И терпеливо ждал, перебирая книги в отцовской библиотеке. Иногда я заставал его лежащим на коротком диване, даже не снявшим куртку и обувь. Он спал, повернувшись лицом к диванной спинке, подложив под скулу сложенные ладони, подогнув колени так, чтобы ботинки свисали над краем дивана. В лице его не было покоя, казалось, он не спит —притворяется. Пока он лежал в комнате, я, восьмилетний мальчик, ходил рассматривать его плащ и шляпу, примерял ее. Почему-то из-за этого плаща и шляпы он мне казался необычайно загадочным. Особенно завораживала его необычная фамилия – Пастернак.
1
В этом плаще и шляпе он нарисован моим отцом в 1943 г.
Помню мою страшную обиду на маму, объяснившую, что слово Пастернак – это название одного из сортов лука. Я счел это поношением Бориса Леонидовича, почти предательством. К тому времени Пастернака я уже полюбил. Странно, но я никогда не задумывался и не спрашивал о его возрасте. У него не было возраста, как не бывает его у дождя или у ветра.
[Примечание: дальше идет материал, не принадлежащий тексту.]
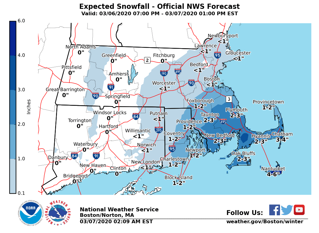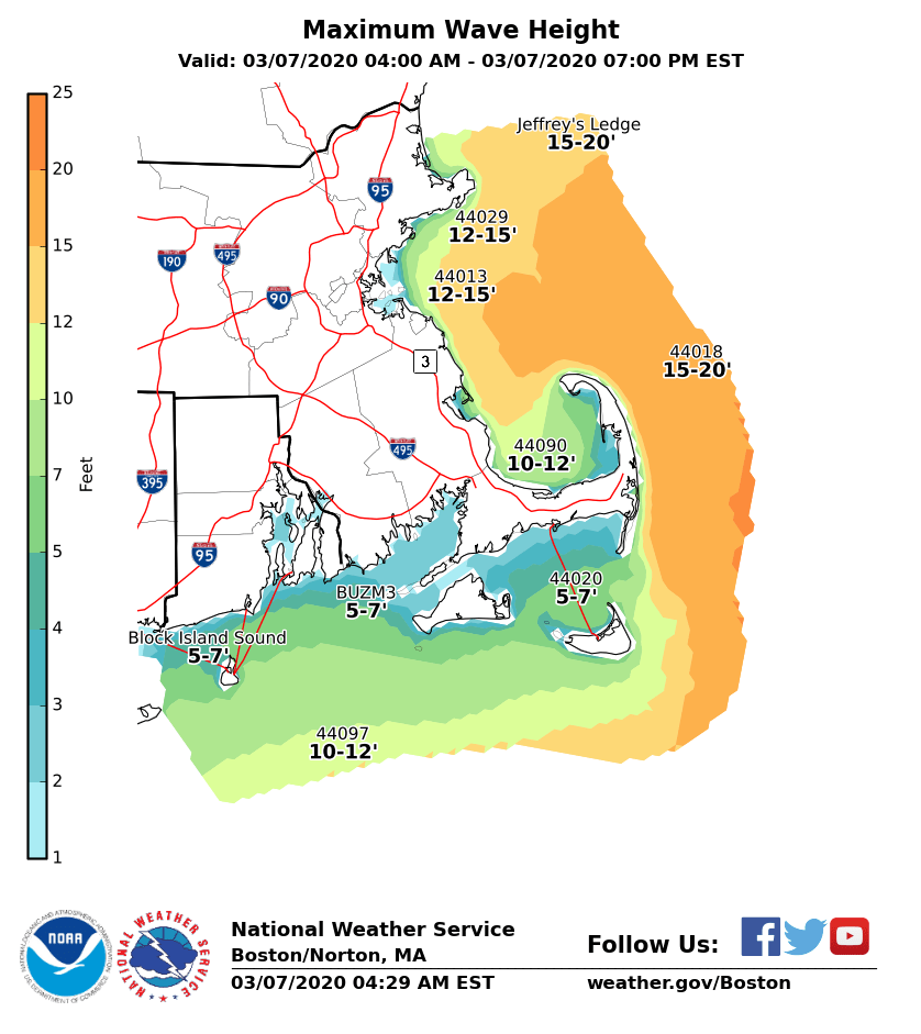 Good morning, A strong ocean storm will lift to the east and northeast of Cape Cod this morning. Strong winds will persist until late this morning across coastal areas, especially Cape Cod, Martha's Vineyard and Nantucket. Ocean areas will have strong winds and high seas. Snow will gradually taper off from west to east this morning across southeast MA, Cape Cod and the Islands. Weather related headlines and specifics are listed below. In addition, the attached images include storm total snow, maximum wind gust in miles per hour (MPH) on land, and maximum wave heights in feet for the coastal waters. *Headlines and locations:* - *High Wind Warning* for Cape Cod, Martha's Vineyard and Nantucket through noon today - *Wind Advisory* for Block Island, coastal Essex County, eastern Norfolk County and all of Plymouth County through noon today - *Storm Warning *in effect for most of the coastal waters south/east of MA - *Gale Warning* for Boston Harbor, Massachusetts Bay and Ipswich Bay, Block Island Sound, Narragansett Bay and coastal waters south of RI - *Winter Weather Advisory* for Cape Cod, Martha's Vineyard and Nantucket until 11 AM today - *Coastal Flood Advisory *for high tide this morning along all of east coastal MA, Cape Cod, Martha's Vineyard and Nantucket *What:* - North winds of 15 to 35 mph with gusts of 50 to 65 mph. Speeds lessening as the morning progresses - Tides running around 2 feet above normal. Minor coastal flooding is expected with coastal erosion possible - Storm total snowfall of 2-4 inches on Cape Cod and Martha's Vineyard, 3-5 inches expected on Nantucket *When:* - Wind speeds diminishing this morning, remaining breezy throughout the day - High tide this morning brings the greatest risk of coastal flooding and erosion - Snow tapering off this morning This will be the last briefing. Thank you, Meteorologists Frank Nocera and Bill Leatham If you have any questions or would like more information, don't hesitate to contact us via this email address, on NWSChat <https://nwschat.weather.gov/>, or at the following: National Weather Service Boston/Norton, MA 46 Commerce Way Norton, MA 02766 508.622.3280 Website <http://www.weather.gov/boston> | Facebook <http://www.facebook.com/NWSBoston> | Twitter <http://www.twitter.com/NWSBoston>

В натуре Бориса Леонидовича были черты традиционно более подходящие женскому характеру. Он знал за собой это женоподобие в своем характере, и ему оно нравилось. Берусь утверждать это потому, что Борис Леонидович охотно, громко и прилюдно страдал по поводу женских странностей своей человеческой натуры [2] . И это проявление в нем – тоже женское. Причем, женские черты эти обличали присутствие в натуре Пастернака очень своенравной и, если хотите, коварной женщины. Бориса Леонидовича, особенно на людях, одолевала страсть нравиться, обольщать. Предметом обольщения становился любой непосвященный, попавший в поле его зрения.
2
Или страдал письменно – особенно это заметно в переписке с О. Фрейденберг – двоюродной сестрой Б. Пастернака.
Помню одного простодушного человека, испытавшего на себе всю прелесть этой коварной женщины, живущей в Пастернаке.
Сейчас уже не могу вспомнить, кто именно из друзей моих родителей попросил разрешения привести с собой в наш дом на званый ужин какого-то своего то ли знакомого, то ли дальнего родственника, приехавшего в Москву из провинции.
И вот, скованный застенчивостью, довольно молодой человек, представившийся архитектором, оказался за столом среди гостей: художник Кончаловский, кинорежиссер Довженко, писатель Вс. Иванов, хирург Очкин, редактор Чагин – эти близкие друзья и их супруги всегда собирались за праздничным столом в нашем доме, поэтому я их перечисляю почти наверняка. Вполне возможно, что был еще кто-то, а кого-то из перечисленных мною гостей тогда не было – это неважно.